What to work on:
Return the lines that run from the beginning of the entries to the line holding "พนักงานเทศบาล และลูกจ้าง ได้ออกพัฒนาทำความสะอาดล้างถนนรามเดโช", inclusive, and drop the pictures.

-------------------------

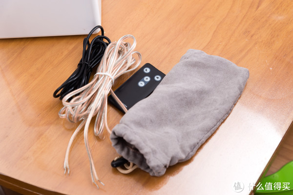 还有一个小收纳布袋,可以收纳无氧铜音箱线,3.5mm音频线,电源线和遥控器。
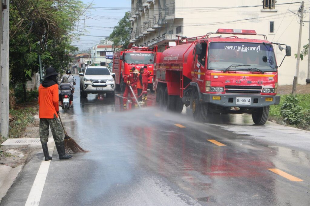 พนักงานเทศบาล และลูกจ้าง ได้ออกพัฒนาทำความสะอาดล้างถนนรามเดโช และถนนในเขตเทศบาลเมืองลพบุรี หลังเทศกาลสงกรานต์ประจำปี ๒๕๖๘
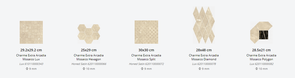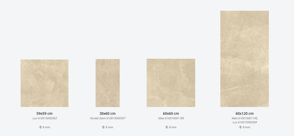 Представлена в размерах: 30х60 см, 59х59 см, 60х60 см, 60х120 см. Доступна с натуральной и патенированной поверхностями и поверхность люкс. Декор для плитки: 30х30 см, 29,2х29,2 см, 25х29 см, 28х48 см, 28,5х21 см, 59х59 см. Применение - пол и стены.
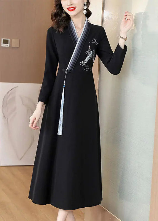 Robe boutonnée brodée à manches longues
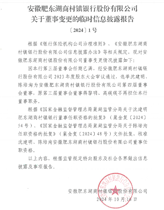 安徽肥东湖商村镇银行股份有限公司关于董事变更的临时信息披露报告
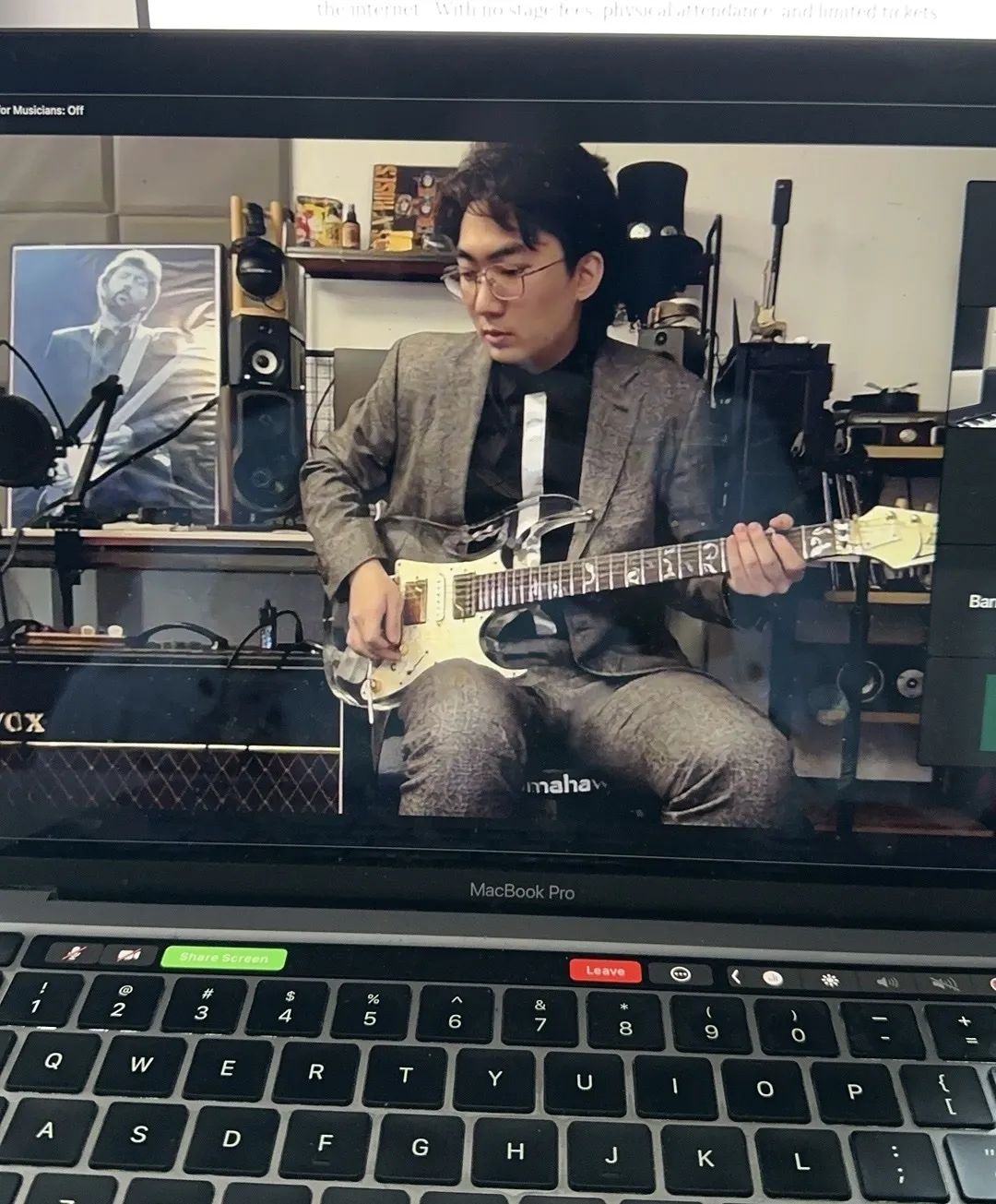 ●侯轶凡 : 这一定是个冒险的决定,但我下定决心学音乐了也没有想过planB。准备材料的时候,我甚至觉得百分之百申请不上,但还是想努力一把!申请里我认为比较出彩的可能是我的面试和试音部分。伯克利非常看中学生的即兴能力,而音感和音乐性也是我比较擅长的一点。我们乐队在表演原创作品的时候,我的solo部分基本都是即兴的,这也让我能够随时表达出当下的确切情感。此外,在面试前,我也提前把房间布置了一番,挂上了很多乐队的海报,恰好我的面试官也是一位摇滚迷,我们在面试结束后聊了很多关于摇滚的话题,可能这也是我和伯克利契合的地方吧。

-------------------------

Problem solution:
 还有一个小收纳布袋,可以收纳无氧铜音箱线,3.5mm音频线,电源线和遥控器。
 พนักงานเทศบาล และลูกจ้าง ได้ออกพัฒนาทำความสะอาดล้างถนนรามเดโช และถนนในเขตเทศบาลเมืองลพบุรี หลังเทศกาลสงกรานต์ประจำปี ๒๕๖๘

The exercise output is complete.